Все глядели на него, Иван Артемич тайно под столом перекрестил пупок, поклонился Петру и князь- папе:
– Спасибо за честь, сватушки… Простите нас, Христа ради, дураков деревенских, если мы вас чем невзначай обидели… Мы, конечно, люди торговые, мужики грубые, неученые. Говорим по-простому. Девка у нас засиделась – вот горе… За последнего пьяницу рады бы отдать… (В ужасе покосился на Петра, но – ничего – царь фыркнул по-кошачьи смехом.) Ума не приложим, почему женихи наш двор обходят? Девка красивая, только что на один глазок слеповата, да другой-то целый. Да на личике черти горох молотили, так ведь личико можно платком закрыть… (Волков темным взором впился в Ивана Артемича.) Да ножку волочит, головой трясет и бок кривоватый… А больше нет ничего… Берите, дорогие сваты, любимое детище… (Бровкин до того разошелся – засопел, вытер глаза.) Чадо, Александра, – позвал он жалобным голосом, – выдь к нам… Алеша, сходи за сестрой… Не в нужном ли она чулане сидит, – животом скорбная, это забыл, простите… Приведи невесту…

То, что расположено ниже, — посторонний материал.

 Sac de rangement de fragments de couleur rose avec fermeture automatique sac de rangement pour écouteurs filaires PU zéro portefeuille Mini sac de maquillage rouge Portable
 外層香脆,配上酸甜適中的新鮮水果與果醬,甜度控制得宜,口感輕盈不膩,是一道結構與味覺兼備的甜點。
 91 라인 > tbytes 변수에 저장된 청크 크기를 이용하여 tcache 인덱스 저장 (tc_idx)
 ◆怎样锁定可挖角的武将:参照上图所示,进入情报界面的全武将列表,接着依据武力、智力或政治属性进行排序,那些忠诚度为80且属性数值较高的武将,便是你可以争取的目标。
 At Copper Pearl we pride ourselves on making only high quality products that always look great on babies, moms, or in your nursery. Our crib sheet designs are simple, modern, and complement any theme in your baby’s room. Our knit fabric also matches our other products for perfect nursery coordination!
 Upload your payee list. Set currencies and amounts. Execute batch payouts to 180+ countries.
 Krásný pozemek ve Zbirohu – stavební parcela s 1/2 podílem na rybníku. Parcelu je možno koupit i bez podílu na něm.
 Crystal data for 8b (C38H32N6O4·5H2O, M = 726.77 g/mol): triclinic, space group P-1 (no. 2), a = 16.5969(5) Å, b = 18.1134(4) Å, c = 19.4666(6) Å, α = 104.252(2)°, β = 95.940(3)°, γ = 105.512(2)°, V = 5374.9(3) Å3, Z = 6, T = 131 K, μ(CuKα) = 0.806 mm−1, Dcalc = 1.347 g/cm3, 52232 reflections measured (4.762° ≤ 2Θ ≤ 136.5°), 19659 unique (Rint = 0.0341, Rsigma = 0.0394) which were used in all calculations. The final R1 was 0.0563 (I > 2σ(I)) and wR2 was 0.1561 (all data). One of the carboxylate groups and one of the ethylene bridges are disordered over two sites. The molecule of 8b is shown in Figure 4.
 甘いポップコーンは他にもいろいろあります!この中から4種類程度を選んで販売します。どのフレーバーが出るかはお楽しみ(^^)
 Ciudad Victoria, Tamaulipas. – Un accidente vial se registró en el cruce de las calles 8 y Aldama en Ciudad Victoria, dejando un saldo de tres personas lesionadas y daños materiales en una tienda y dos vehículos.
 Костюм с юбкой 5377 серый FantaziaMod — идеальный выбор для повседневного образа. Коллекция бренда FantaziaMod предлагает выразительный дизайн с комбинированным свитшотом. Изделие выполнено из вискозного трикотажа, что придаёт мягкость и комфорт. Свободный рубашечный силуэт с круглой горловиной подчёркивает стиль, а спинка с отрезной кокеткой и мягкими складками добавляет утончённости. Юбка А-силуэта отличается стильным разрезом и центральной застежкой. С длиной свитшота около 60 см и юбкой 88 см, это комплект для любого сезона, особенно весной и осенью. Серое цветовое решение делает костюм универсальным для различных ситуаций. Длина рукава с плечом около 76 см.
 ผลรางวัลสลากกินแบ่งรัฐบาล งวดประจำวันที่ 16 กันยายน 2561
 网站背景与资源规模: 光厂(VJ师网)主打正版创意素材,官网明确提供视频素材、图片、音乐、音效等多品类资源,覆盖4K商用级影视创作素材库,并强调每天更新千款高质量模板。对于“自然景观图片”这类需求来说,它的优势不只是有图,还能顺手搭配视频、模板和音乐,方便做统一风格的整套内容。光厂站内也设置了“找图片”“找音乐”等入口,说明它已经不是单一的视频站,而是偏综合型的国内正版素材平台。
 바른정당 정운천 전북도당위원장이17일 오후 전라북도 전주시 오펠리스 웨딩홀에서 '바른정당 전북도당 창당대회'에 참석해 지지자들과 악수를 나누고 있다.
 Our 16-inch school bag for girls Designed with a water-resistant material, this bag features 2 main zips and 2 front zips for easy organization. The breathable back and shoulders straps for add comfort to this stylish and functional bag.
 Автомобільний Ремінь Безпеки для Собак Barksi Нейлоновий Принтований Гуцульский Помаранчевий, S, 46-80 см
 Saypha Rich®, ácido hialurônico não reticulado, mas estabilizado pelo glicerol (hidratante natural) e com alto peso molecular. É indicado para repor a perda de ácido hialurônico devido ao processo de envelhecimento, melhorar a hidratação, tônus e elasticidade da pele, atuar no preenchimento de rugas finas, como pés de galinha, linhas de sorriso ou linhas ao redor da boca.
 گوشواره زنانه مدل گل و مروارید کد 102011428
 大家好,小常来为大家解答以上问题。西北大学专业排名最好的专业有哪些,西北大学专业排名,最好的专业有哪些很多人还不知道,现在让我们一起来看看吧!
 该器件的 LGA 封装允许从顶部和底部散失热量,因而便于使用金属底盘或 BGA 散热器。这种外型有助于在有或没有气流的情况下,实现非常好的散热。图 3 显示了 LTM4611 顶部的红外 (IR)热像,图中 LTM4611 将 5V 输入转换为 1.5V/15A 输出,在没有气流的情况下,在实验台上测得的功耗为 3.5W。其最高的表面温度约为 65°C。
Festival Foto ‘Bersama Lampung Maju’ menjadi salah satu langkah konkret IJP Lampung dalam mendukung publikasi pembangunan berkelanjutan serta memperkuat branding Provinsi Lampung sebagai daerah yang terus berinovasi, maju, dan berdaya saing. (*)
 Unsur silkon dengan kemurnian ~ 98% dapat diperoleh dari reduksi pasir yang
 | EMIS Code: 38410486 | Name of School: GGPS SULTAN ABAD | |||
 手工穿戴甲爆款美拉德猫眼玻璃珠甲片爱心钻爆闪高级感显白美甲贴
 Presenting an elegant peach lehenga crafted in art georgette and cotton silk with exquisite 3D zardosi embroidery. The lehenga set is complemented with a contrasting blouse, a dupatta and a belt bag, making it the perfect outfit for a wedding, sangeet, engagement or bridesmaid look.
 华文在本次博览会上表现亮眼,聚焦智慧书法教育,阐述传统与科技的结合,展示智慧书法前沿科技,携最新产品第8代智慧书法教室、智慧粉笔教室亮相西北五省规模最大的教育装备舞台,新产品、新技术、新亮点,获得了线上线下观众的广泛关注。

Волков рванулся было из-за стола. Меньшиков силой удержал. Никто не смеялся, – только у Петра дрожал подбородок.
– Спасибо, дорогие сватушки, – говорил Бровкин, – жених нам очень пондравился. Будем ему отцом родным: по добру миловать, за вину учить. Кнутовищем вытяну али за волосы ухвачу, – уж не прогневайся, зятек, – в мужицкую семью берем…
Все за столом грохнули, хватались за бока от смеха. Волков стиснул зубы, стыд зажег ему щеки, – налились слезы. Алеша втащил из сеней упирающуюся Саньку. Она закрывалась рукавом. Петр, вскочив, отвел ей руки. И смех затих, – до того Санька показалась красивой: брови стрелами, глаза темные, ресницы мохнатые, носик приподнятый, ребячьи губы тряслись, ровные зубы постукивали, румянец – как на яблоке… Петр поцеловал ее в губы, в горячие щеки. Бровкин прикрикнул:
– Санька, сам царь, терпи…
Она закинула голову, глядя Петру в лицо. Было слышно, как у нее стукало сердце. Петр обнял ее за плечи, подвел к столу и – пальцем на Василия Волкова.
– А что, – худого тебе жениха привезли?
Санька одурела: надо было стыдиться, она же, как безумная, уставила дышащие зрачки на жениха. Вдруг вздохнула и – шепотом: «Ой, мама родная…» Петр опять схватил ее – целовать…
– Эй, сват, не годится, – сказал князь-папа. – Отпусти девку…
Санька уткнулась в подол. Алеша, смеясь, увел ее, Волков щипал усы, – видимо, на сердце отлегло. Князь-папа гнусил:
– Сущие в отце нашем Бахусе возлюбим друг друга, братие… Вина, закуски просим…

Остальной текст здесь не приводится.